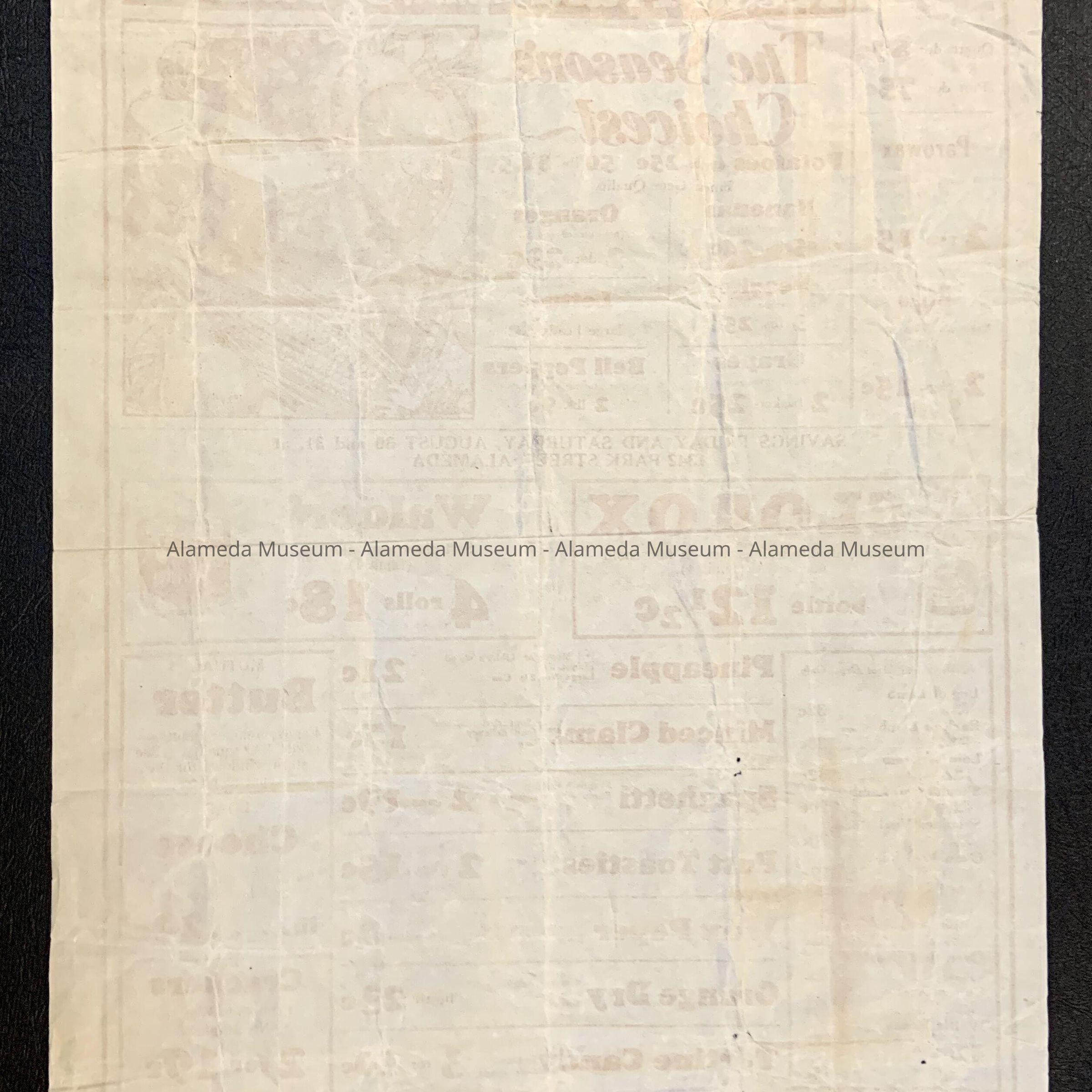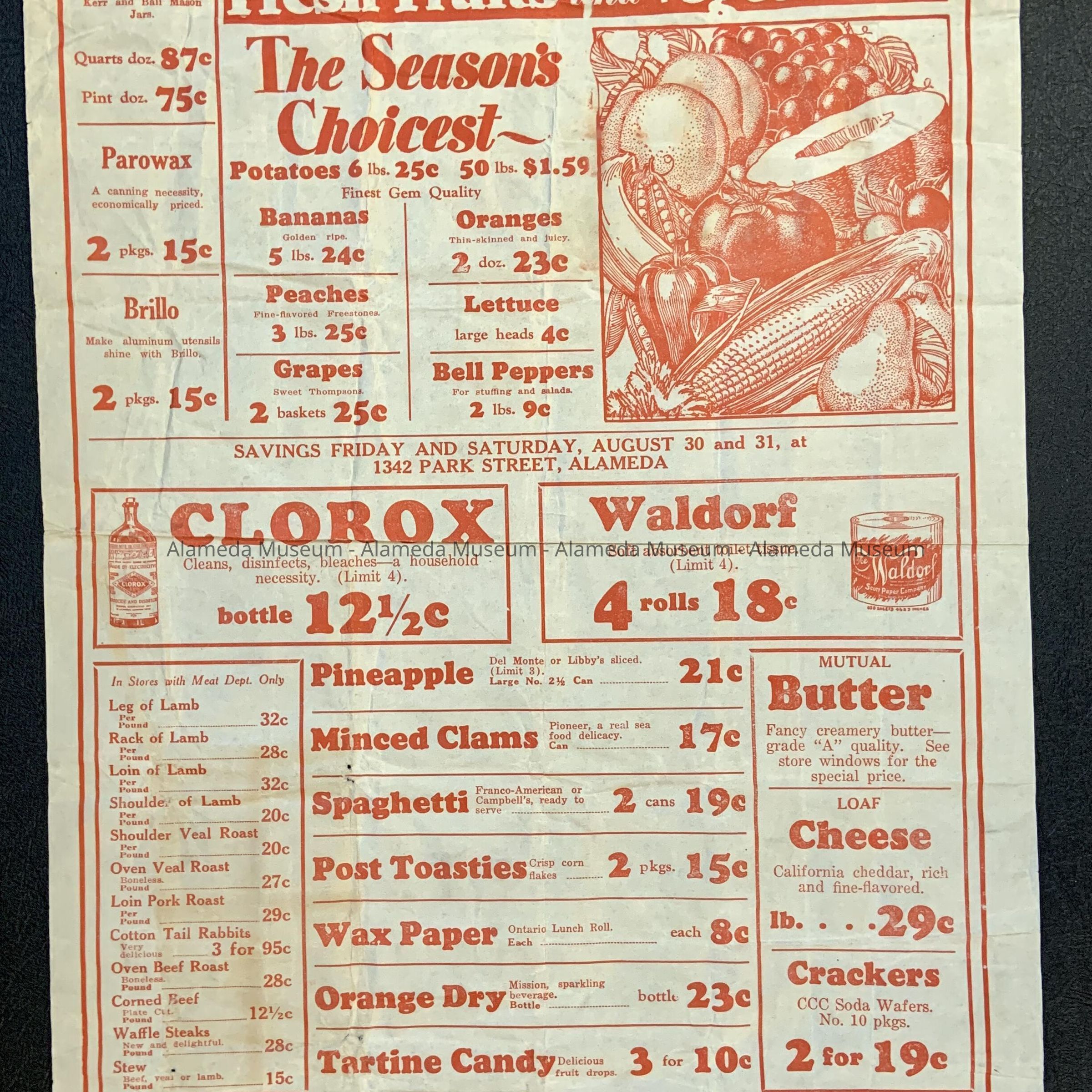History of Object: Advertising flyer for the Mutual Market, 1342 Park Street, Alameda, circa 1930. It lists the current prices prices of produce, can goods, meats, etc. during the Depressione
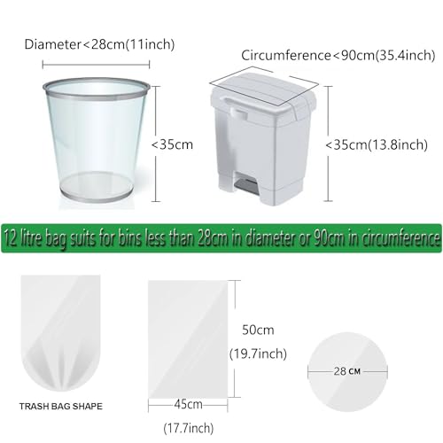 【Può essere utilizzato ovunque】 Questo piccolo sacchetto per rifiuti da 12 a 15 L può essere utilizzato per rifiuti domestici e rifiuti alimentari. Adatto per cucine, camere da letto, soggiorni, bagni, giardini sul retro, uffici e altri piccoli bidoni della spazzatura.
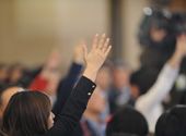 會(huì)議現(xiàn)場記者積極舉手提問
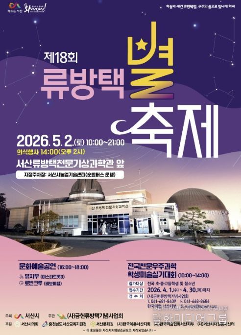 시민행정신문 기자 | 충남 서산시는 오는 5월 2일 류방택천문기상과학관 일원에서 제18회 류방택 별축제를 개최한다고 밝혔다.
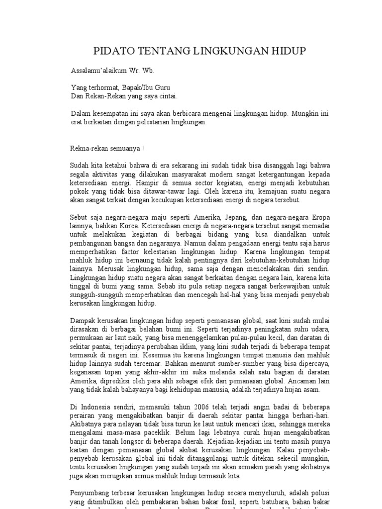 contoh pidato persuasif tentng lingkungan hidup - Brainly.co.id
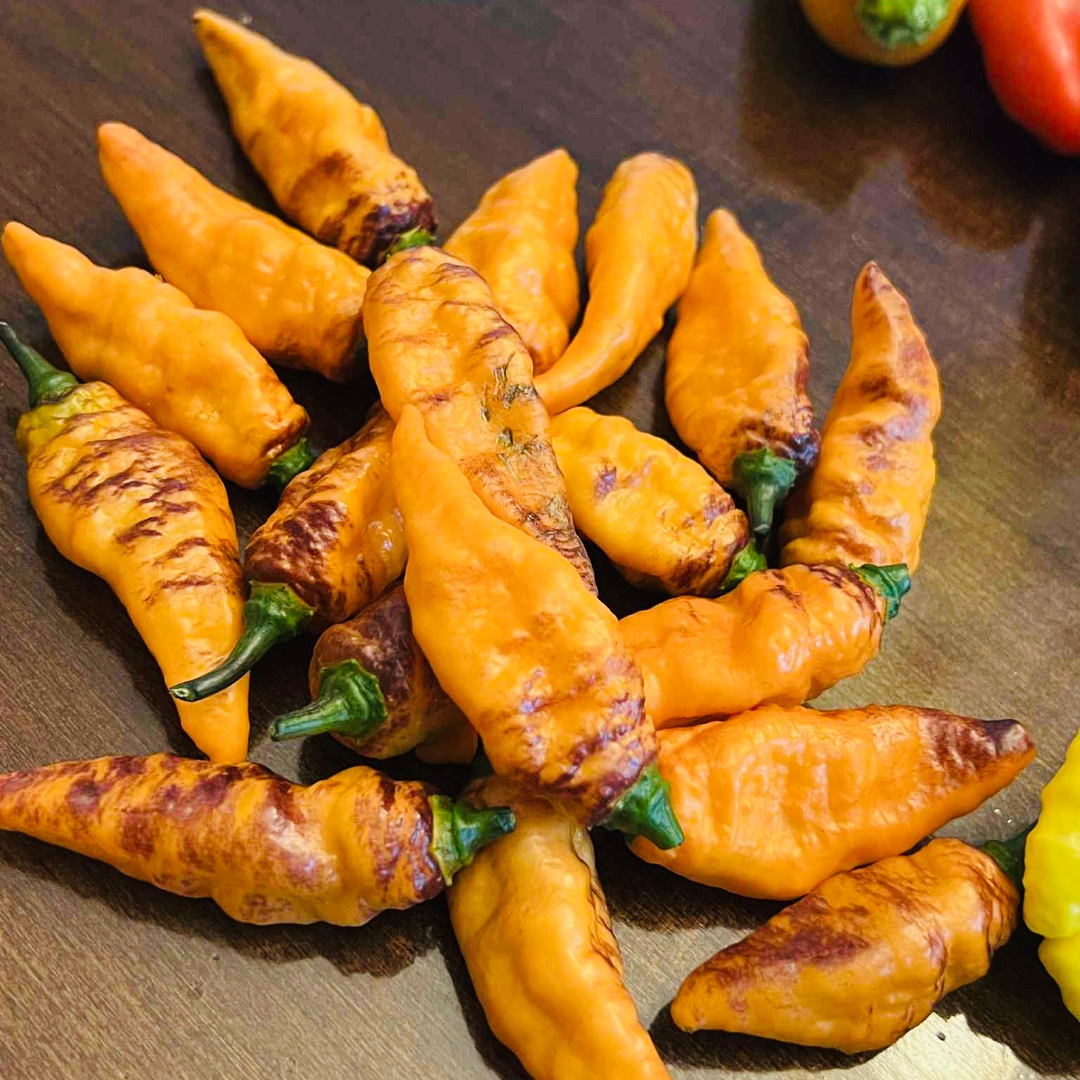 The peppers are medium-sized, with smooth skin and a sleek, tapered shape. Their flavor carries a fruity, smoky undertone beneath the heat, making them a standout for salsas, hot sauces, and bold culinary experiments.
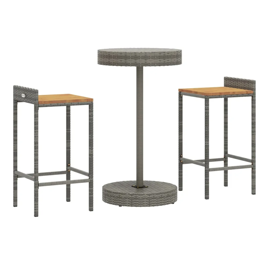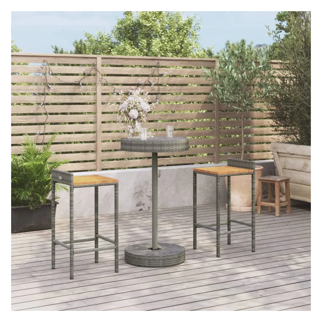 Cet ensemble de bar de jardin tendance, combinant à la fois style et fonctionnalité, est sûrement destiné à être la pièce maîtresse de votre jardin, terrasse et de tout autre espace de vie. Matériau résistant aux intempéries : la résine tressée, également connue sous le nom de rotin poly, résiste aux intempéries et est facile à nettoyer. Elle reste belle à l'extérieur pendant une longue période. Elle offre une excellente qualité, commodité et un aspect esthétique.Assise confortable : le tabouret de bar est conçu avec un repose-pied intégré pour vous offrir une expérience d'assise confortable. L'assise en bois confère au tabouret un aspect naturel et agréable tout en assurant sa stabilité.Table pratique : la table de bar ronde est idéale pour accueillir vos boissons, vos snacks et vos décorations préférées.Cadre robuste et stable : les cadres en acier enduit de poudre rendent l'ensemble de pub robuste et stable pour une utilisation quotidienne à l'extérieur.Applications larges : la table et les tabourets de bar, avec leur design remarquable, créent un aspect général agréable qui s'intègre sans effort dans n'importe quel décor. Bon à savoir :Pour faciliter au maximum le montage, chaque produit est livré avec des instructions.Remarque :Pour que vos meubles d'extérieur restent beaux, nous vous recommandons de les protéger avec une housse imperméable.
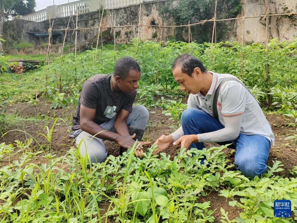 中国援圣普农牧业技术项目组专家彭杰(右)在圣多美和普林西比的梅佐希大区指导蔬菜种植户改善田间管理技术(2024年1月25日摄)。
========================================================================
§ TO DO: Produce a verbatim copy of the listing, leaving out all pictures.

§ SOLVED EXERCISE:
History of Object: Advertising flyer for the Mutual Market, 1342 Park Street, Alameda, circa 1930. It lists the current prices prices of produce, can goods, meats, etc. during the Depressione
 【Può essere utilizzato ovunque】 Questo piccolo sacchetto per rifiuti da 12 a 15 L può essere utilizzato per rifiuti domestici e rifiuti alimentari. Adatto per cucine, camere da letto, soggiorni, bagni, giardini sul retro, uffici e altri piccoli bidoni della spazzatura.
 會(huì)議現(xiàn)場記者積極舉手提問
 시민행정신문 기자 | 충남 서산시는 오는 5월 2일 류방택천문기상과학관 일원에서 제18회 류방택 별축제를 개최한다고 밝혔다.
 contoh pidato persuasif tentng lingkungan hidup - Brainly.co.id
 The peppers are medium-sized, with smooth skin and a sleek, tapered shape. Their flavor carries a fruity, smoky undertone beneath the heat, making them a standout for salsas, hot sauces, and bold culinary experiments.
 Cet ensemble de bar de jardin tendance, combinant à la fois style et fonctionnalité, est sûrement destiné à être la pièce maîtresse de votre jardin, terrasse et de tout autre espace de vie. Matériau résistant aux intempéries : la résine tressée, également connue sous le nom de rotin poly, résiste aux intempéries et est facile à nettoyer. Elle reste belle à l'extérieur pendant une longue période. Elle offre une excellente qualité, commodité et un aspect esthétique.Assise confortable : le tabouret de bar est conçu avec un repose-pied intégré pour vous offrir une expérience d'assise confortable. L'assise en bois confère au tabouret un aspect naturel et agréable tout en assurant sa stabilité.Table pratique : la table de bar ronde est idéale pour accueillir vos boissons, vos snacks et vos décorations préférées.Cadre robuste et stable : les cadres en acier enduit de poudre rendent l'ensemble de pub robuste et stable pour une utilisation quotidienne à l'extérieur.Applications larges : la table et les tabourets de bar, avec leur design remarquable, créent un aspect général agréable qui s'intègre sans effort dans n'importe quel décor. Bon à savoir :Pour faciliter au maximum le montage, chaque produit est livré avec des instructions.Remarque :Pour que vos meubles d'extérieur restent beaux, nous vous recommandons de les protéger avec une housse imperméable.
 中国援圣普农牧业技术项目组专家彭杰(右)在圣多美和普林西比的梅佐希大区指导蔬菜种植户改善田间管理技术(2024年1月25日摄)。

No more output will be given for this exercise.